Raspberry Pi’s ARM-based architecture may require specific tweaks for SLURM’s performance and compatibility:

  • Architecture-Specific Options: ARM processors handle SLURM workloads differently than x86_64 processors, especially regarding CPU affinity and resource allocation. Ensure that TaskPlugin=task/affinity is set in slurm.conf, as this option can help SLURM better allocate tasks on multi-core ARM processors.
  • Cgroup Controller for ARM: If you’re using cgroupv2, make sure your Raspberry Pi environment supports it. Raspberry Pi OS versions and other ARM-focused distributions may use slightly different configurations for cgroups, so you might need to experiment with cgroupv1 if cgroupv2 compatibility issues persist.
  • Munge Permissions: Ensure that Munge is properly configured and synced on both the master and worker nodes, as SLURM relies on it for authentication. Running munge -n on both nodes and confirming consistent results is a good start.
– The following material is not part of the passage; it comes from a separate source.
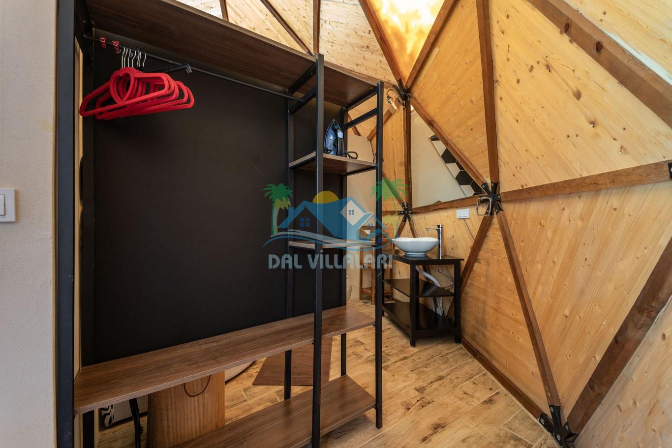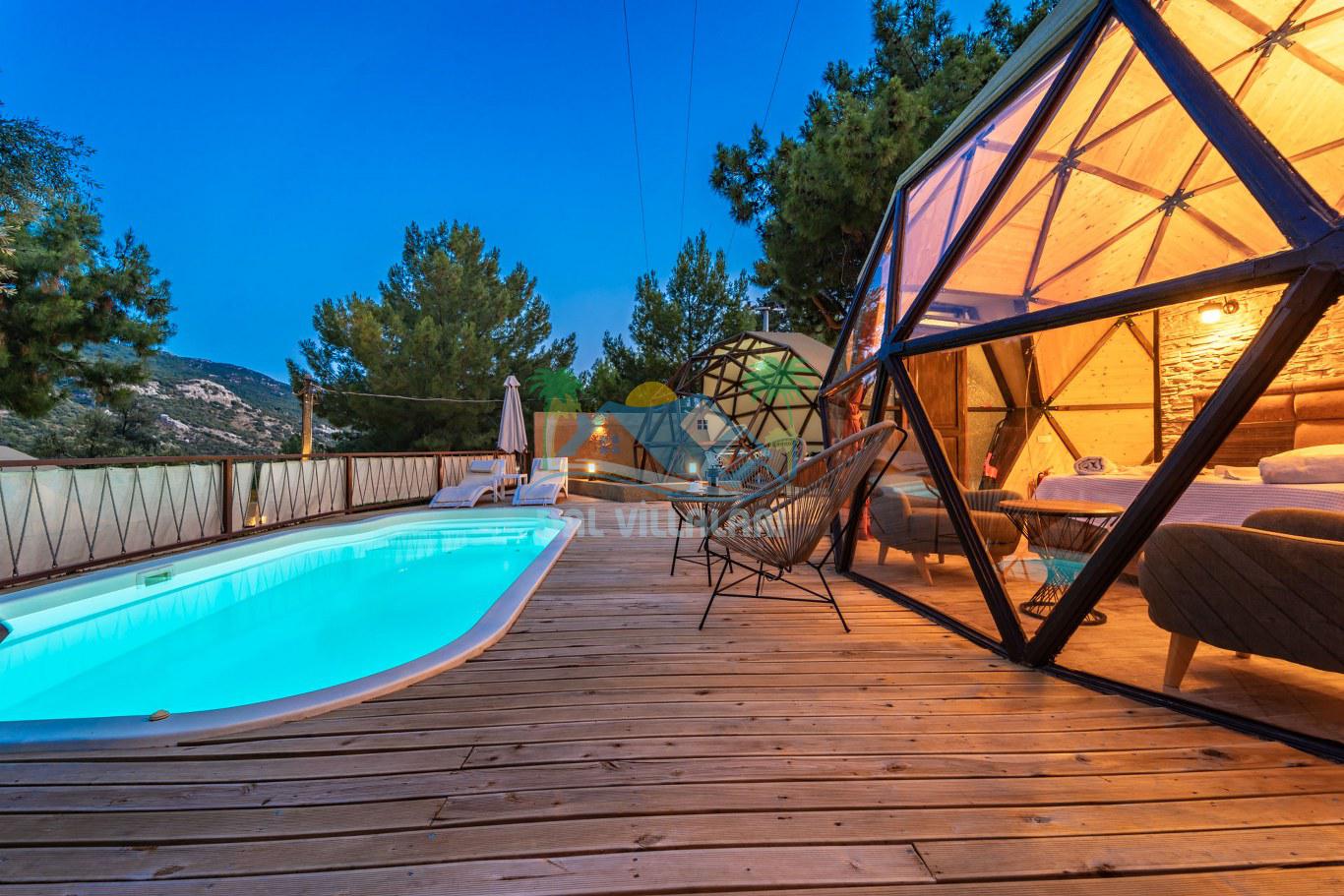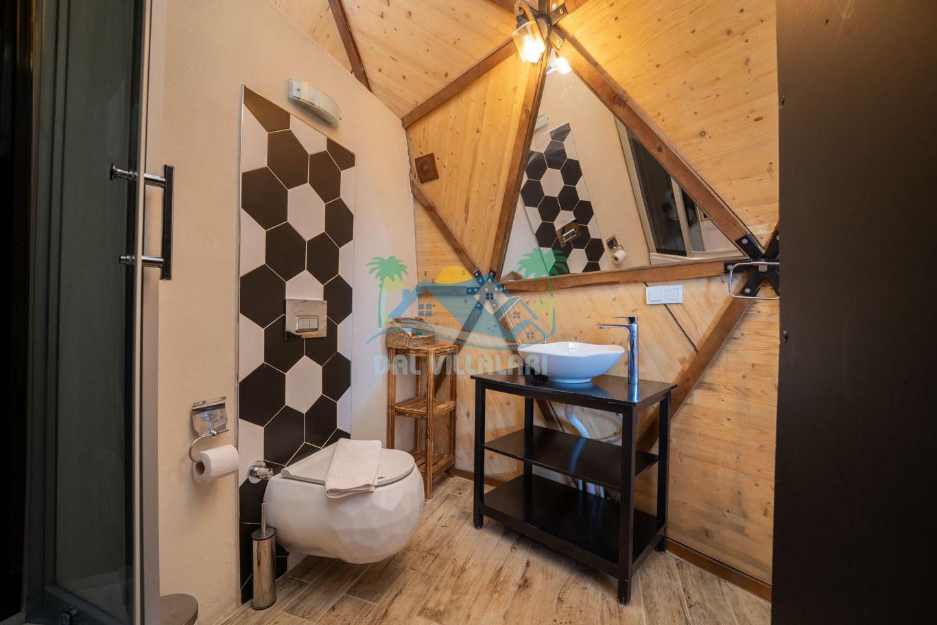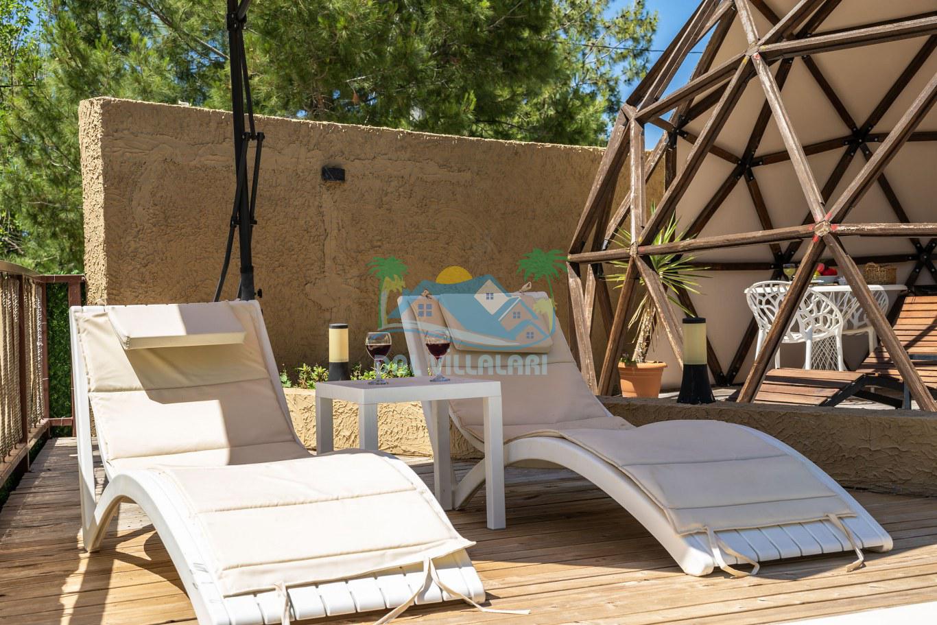 Her biri ayrı bir havuz terasına sahip olan kubbe tipi villalarımız, Türkiye'de ilk defa 7 metre çapında, 4.30 metre kubbe yüksekliğinde ve 38 metrekarelik AHŞAP yapısıyla üretilmiştir. Konforlu bir konaklama sağlamak amacıyla binalarımız, güvenlik ve iklim endişelerini göz önünde bulundurularak tasarlanmıştır.
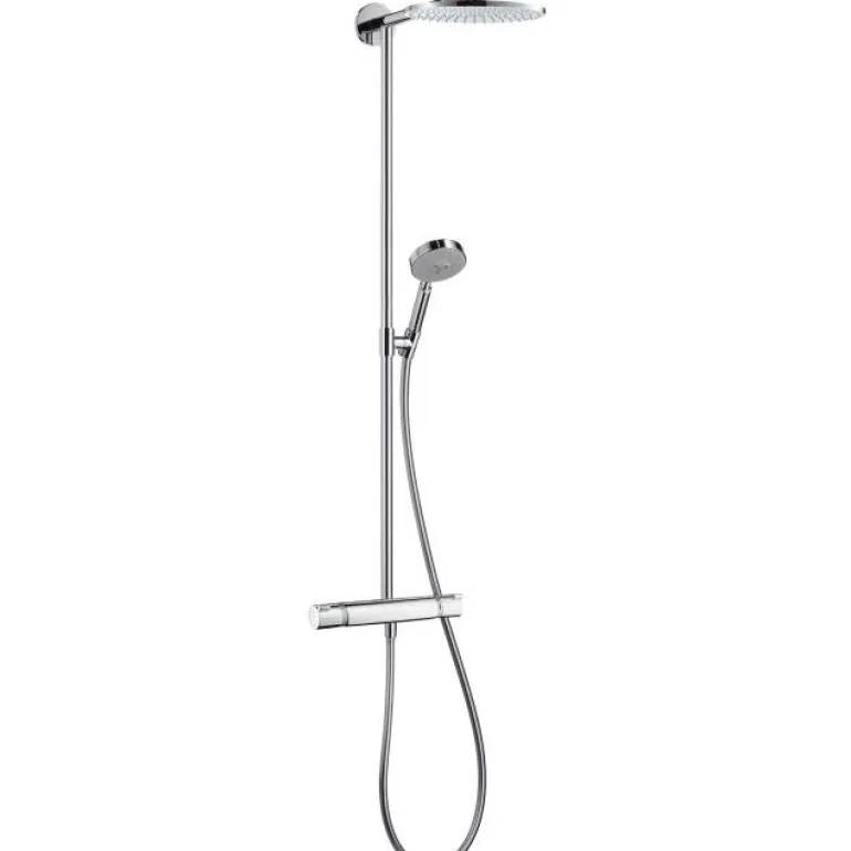 Hansgrohe Raindance S on suihkusarja. Sisältää yläsuihku Raindance S 240 Air, käsisuihku Raindance S 100 AIR 3 Jet, termostaattinen suihkuhana, suihkuletku ja liuku. Termostaatti Ecostat Comfort ja täysin kromattu suihkusiivilä.

3. Troubleshooting High Latency in SLURM

High latency in SLURM is often caused by network latency or resource bottlenecks on worker nodes. Here are some common factors and potential solutions:

  • Network Latency: Since you have a master-worker setup, network communication speed and reliability play a crucial role. Check that the network interfaces on your Pi nodes are stable and have low latency. Consider using a dedicated switch for the cluster to reduce interference.
  • Resource Constraints: Raspberry Pi 5’s resources may limit SLURM’s responsiveness. Ensure adequate RAM and CPU resources on each node, and try setting ConstrainRAMSpace=no in cgroup.conf to avoid restricting memory usage unnecessarily.
  • CPU Affinity: Task placement on ARM cores can benefit from optimized CPU affinity settings. Setting TaskPlugin=task/affinity in slurm.conf can reduce unnecessary task migrations between cores, improving latency.

Next Steps

  1. Reconfigure and Restart SLURM: After making any changes to cgroup.conf, restart SLURM with:
sudo systemctl restart slurmd

Then check the service status for further logs.
2. Check SLURM and System Logs: SLURM logs (/var/log/slurm/slurmd.log) and system logs (journalctl -u slurmd) can give more insights into configuration or compatibility issues.
3. Consider a SLURM Debug Mode: Run slurmd in the foreground with debug output to get more granular information:

sudo slurmd -D -vvvv

This will provide additional context for parsing and configuration issues.

By addressing these potential causes and testing in steps, you should be able to identify the root issue and improve SLURM’s performance on your Raspberry Pi cluster.